Three ways that travel retail is riding on digital

Travel retail has tended to be a niche market, but the digital world is opening up opportunities to be seized. Here are three ways that the duty-free sector is catching up with the digital challenge.

1. Make earlier contact with potential customers.

- Educate travellers about products and services available at the airport.
- Put airport shopping in front of them.

Example: a “buy now, collect later” service where customers can shop online at leisure before their trip, save time at the airport, and choose if they wish to pick up their purchases on departure or upon arrival.

2. Align the sales strategy with the entire airport ecosystem (airports, airlines, brands).

- Partner with airlines to inform travellers about what they can find in store at the same time as they get online confirmation for their flight.
- Highlight personalized and exclusive offers.

Example: a loyalty program that is tailored to frequent travellers and that offers benefits such as free parking, lounge access and fast-track privileges.

3. Change the value proposition.

The duty-free sector traditionally focused on pure value for money. Now, it is moving toward exclusivity and novelty, as well as delivering shopping experiences that meet and exceed customer expectations.

- Promote products exclusively on travel retail before they are available in other sales channels.
- Feature products and services that are exclusive to the travel experience, such as special packaging, tastings or brand interactions.

Example: virtual assistants that interact with travellers in different languages and interactive personal shoppers that suggest other items relevant to what the customer is looking at.

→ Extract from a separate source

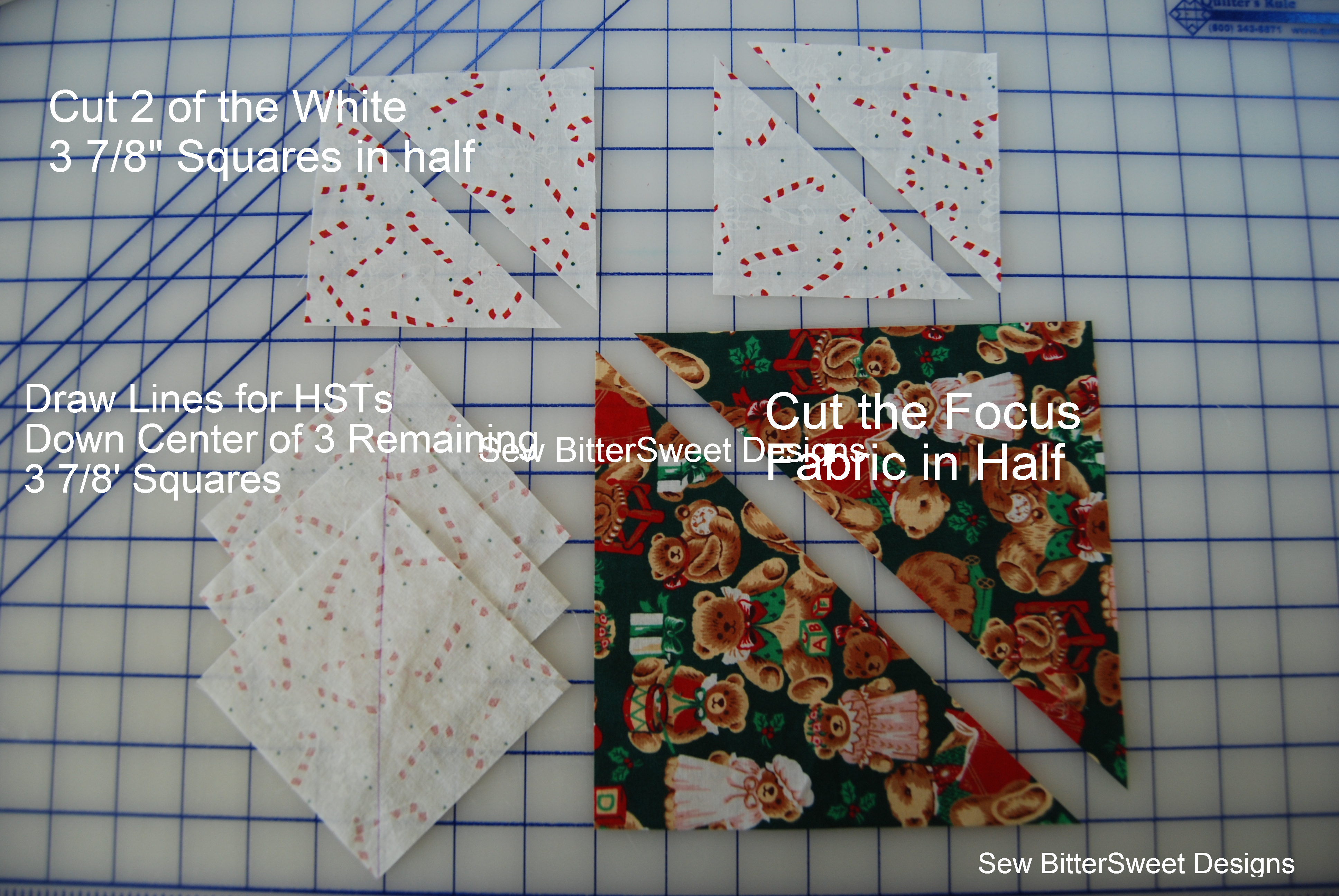Pair the 3 remaining 3 7/8″ white squares with the 2 Red and 1 Green Squares measuring 3 7/8″. Create half square triangles.

Travel retail is a promising market. Global duty-free sales in 2017 reached USD 68.6 billion. (1) But while other retailers have been quick to jump on the digital bandwagon and push their content commerce capabilities, travel retail has lagged behind. These companies do not necessarily have a website for each of their airport stores and the offerings for where they have website stores may be limited.

Yet there is a clear path forward. Leading global travel retailers can reach up to 2.5 billion potential customers each year, i.e. passengers transiting through the airports in which they operate. The number of potential customers, combined with the “dwell time” - the time passengers spend after security check and before boarding - opens a window for commerce opportunities.

Travel retailers are working to grab the attention of this captive audience and to focus on those micro-moments where immediate needs or spontaneous emotions can trigger certain buying decisions.